1801 г.) и "Ода Государю Императору Александру Первому на коронование
Его Величества в Москве в 1801 году сентября 15-го дня" (М. 1801 г.).
Эти первые произведения Шатрова, не отличаясь красотой слога, не
обратили на себя внимания; но его "Песнь Екатерине II, или Мысли
россиянина, пришедшего к ее гробу в 1805 году" (впоследствии называется
"Праху Екатерины II", в "Северном Вестнике" 1805 г., ч. V; перепечатана в
сочинении П. Колотова: "Деяния Екатерины II, Императрицы и самодержицы
Всероссийской". ч. VI, стр. 297), доставила ему большую известность,
обратив на себя внимание смелостью выражений, могущих относиться к
событиям современной эпохи. Однако песнь эта имеет менее поэтических
достоинств, нежели его подражания псалмам. Последние писаны Шатровым в
применении их к событиям 1812 года и вообще к Наполеоновским войнам и,
по отзывам современных критиков, замечательны не только яркостью картин и
силой выражения, но и тем, что во многих из них высказаны различные
библейские истины, имевшие весьма близкое отношение к современным
Шатрову событиям. Образцовым лирическим стихотворением его может служить
его "Подражание псалму 32-му", читанное в 1816 году публично в Собрании
Общества любителей Российской словесности и напечатанное в "Трудах"

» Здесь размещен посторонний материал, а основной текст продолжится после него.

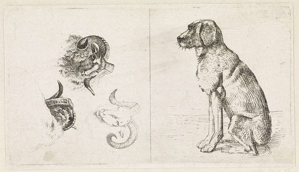 Curator: It's as though I've stumbled into someone's wonderfully peculiar dream. The first thing that struck me was the lanky, almost spectral hound on the top left – what a beautifully melancholic air! Editor: Indeed. What you're seeing here is a drawing rendered in pen, pencil, and ink, titled *Honden en een man leunend op een tafel met een kroes in de hand*, which translates to *Dogs and a Man Leaning on a Table with a Mug in his Hand*. It was created sometime between 1864 and 1880 and is currently held at the Rijksmuseum. The artist, Johannes Tavenraat, captured quite a social dynamic here. Curator: "Social dynamic," you say? I see a quiet contemplation. The slumped figure with a mug looks entirely alone, almost comically isolated by his gigantic hat and sorrowful expression. He appears completely removed from those rather scruffy looking canines. It speaks to a broader feeling of…alienation. Don’t you think? Editor: Perhaps, or consider the context of 19th century genre-painting. Tavenraat uses animal companions to explore class anxieties of the time. This feels especially pertinent when the ‘Man’ looks as though he’s on the lower rungs of society. I wonder if it highlights dependency on such animalistic comfort, for a downtrodden segment of society? Curator: Dependency, perhaps; it does give us pause when we consider our reliance on anything, material or emotional! There's a rawness in the sketches, a refusal to prettify the reality of the scene, which resonates deeply. And technically, I admire Tavenraat’s freedom and how he uses his lines – jagged, expressive…almost brutal! I can practically feel the chill in the air. Editor: The looseness absolutely contributes to its overall impact. The quick, almost frantic marks communicate urgency, and, arguably, highlight some difficult questions. Is it a romanticisation of rural life, or is it exposing an uncomfortable dependency? I'm not certain that Tavenraat offers any clear answers. Curator: Leaving us with only a beguiling invitation to ask the questions ourselves? Splendid! Editor: Precisely. And in confronting these social and existential themes, Tavenraat encourages viewers to interrogate their preconceptions surrounding human, animal, and class divides. A truly enduring sketch, that's as poignant as it is deceptively simple.

Общества, а затем в собрании стихотворений Шатрова, изданном Российской
Академией; в этом подражании выражено торжество Европы по случаю
заточения Наполеона на о. св. Елены. Кроме того, известность среди
современников Шатров приобрел еще остроумным "Посланием к соседу",
которое помещено было Жуковским в изданном им "Собрании русских
стихотворений" (5 частей, М. 1810-1811 г.), но которого не находится в
Собрании стихотворений поэта, изданном Академией, и "Маршем Донских
казаков" ("Грянул внезапно гром над Москвой"). Потеряв в 1820 году
зрение, Шатров продолжал заниматься стихотворством, диктуя свои
произведения близким друзьям, среди коих были: гр. М. В. Толстой, Н. П.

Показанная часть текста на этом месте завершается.